In at least one embodiment of the present disclosure, a method for identifying a target microorganism and/or a resistance gene in a biological sample is also provided. In some embodiments, the method of the present disclosure comprises providing the biological sample from a subject infected or suspected of being infected by the pathogen, adding a non-ionic surfactant to the biological sample, contacting the biological sample with a solid phase adsorbent to bind a non-target nucleic acid originating from the subject, removing the solid phase adsorbent, thereby enriching a nucleic acid of the pathogen in the biological sample, and sequencing the enriched nucleic acid of the pathogen by a sequencing assay.

In at least one embodiment of the present disclosure, the biological sample is selected from the group consisting of blood, serum, plasma, urine, sputum, saliva, cerebrospinal fluid, interstitial fluid, mucous, sweat, stool extract, fecal matter, synovial fluid, tears, semen, peritoneal fluid, nipple aspirates, milk, vaginal fluid, and any combination thereof.

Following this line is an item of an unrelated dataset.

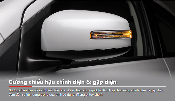 | Kính chiếu hậu | Cùng màu với thân xe, chỉnh điện | Cùng màu với thân xe, chỉnh điện, tích hợp đèn báo rẽ | Cùng màu với thân xe – Chỉnh điện có tích hợp đèn báo rẽ |

In at least one embodiment of the present disclosure, depending on the amount of target nucleic acids in the biological sample, the method provided herein may further comprise preferentially amplifying the target microorganism, the pathogen, the target nucleic acid, and/or the nucleic acid of the pathogen in the biological sample before the addition of the non-ionic surfactant. For example, the biological sample is a blood sample that is obtained from a subject suffering from sepsis and has been preferentially subjected to blood culture. In some embodiments, the sample suitable to the method of the present disclosure may be a blood culture sample identified as positive by the continuous monitoring blood culture system (such as a blood sample identified as containing microorganisms by the Gram staining process). In some embodiments, the method provided herein further comprises removing a red blood cell from the blood sample.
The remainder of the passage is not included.